The US government has turned up the pressure on the interim government of Honduras to accept the return of exiled president Manuel Zelaya, suspending the diplomatic visas of four Honduran officials a month after a military coup.
The interim regime showed no signs of relenting, saying Tuesday’s suspensions would have no significant effect on Honduras. Zelaya, buoyed by the news of the US action, quickly returned to prolonged negotiations for the release of his wife, mother and children into Nicaraguan territory.
Zelaya has parked his government-in-exile near the Honduran border, accompanied by hundreds of supporters who have hiked into Nicaragua.
PHOTO: REUTERS
The US State Department did not identify the four officials stripped of their visas, but the interim government said they included the Supreme Court justice who ordered Zelaya’s arrest before the coup and the president of Honduras’ Congress.
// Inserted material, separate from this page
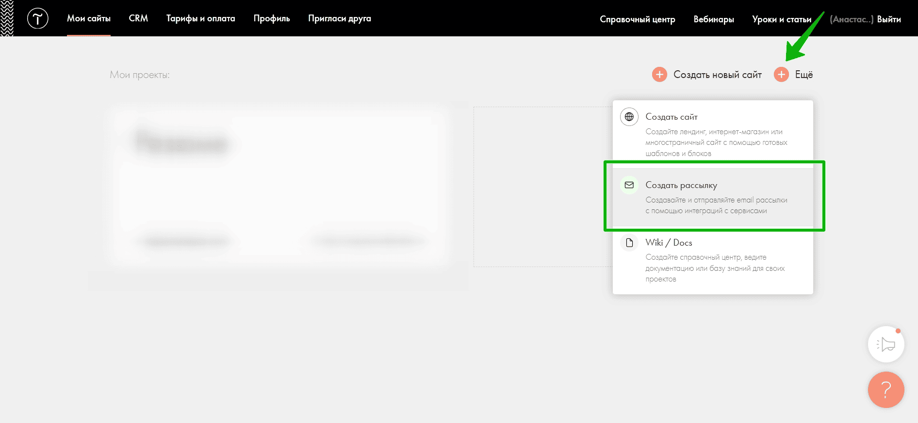 Редактор писем Tilda доступен только на платных тарифах, но его можно использовать бесплатно 2 недели — как на вновь созданных аккаунтах, так и на уже существующих, если до этого триал не был подключен. Чтобы перейти к конструктору писем, достаточно открыть раздел «Мои сайты», выбрать «Ещё» и в раскрывшемся меню — «Создать рассылку».

The State Department is also reviewing the visas of all officials serving under interim president Roberto Micheletti, department spokesman Ian Kelly said.
Micheletti’s deputy foreign minister, Marta Lorena Alvarado, insisted the decision would not have major consequences for the government, which already has seen the suspension of millions of dollars in US and European development aid and the threat of further sanctions to back international demands that Zelaya be restored to the presidency.
“It’s part of the international community’s incomprehension of what is happening in Honduras,” Alvarado said. “It’s not definitive and it will not have major consequences for the future of Honduras.”
Zelaya, a wealthy rancher whose left-leaning populist policies led to conflict with others in the government, vowed to stick to his campaign of civil disobedience by Hondurans, while urging harsher international sanctions.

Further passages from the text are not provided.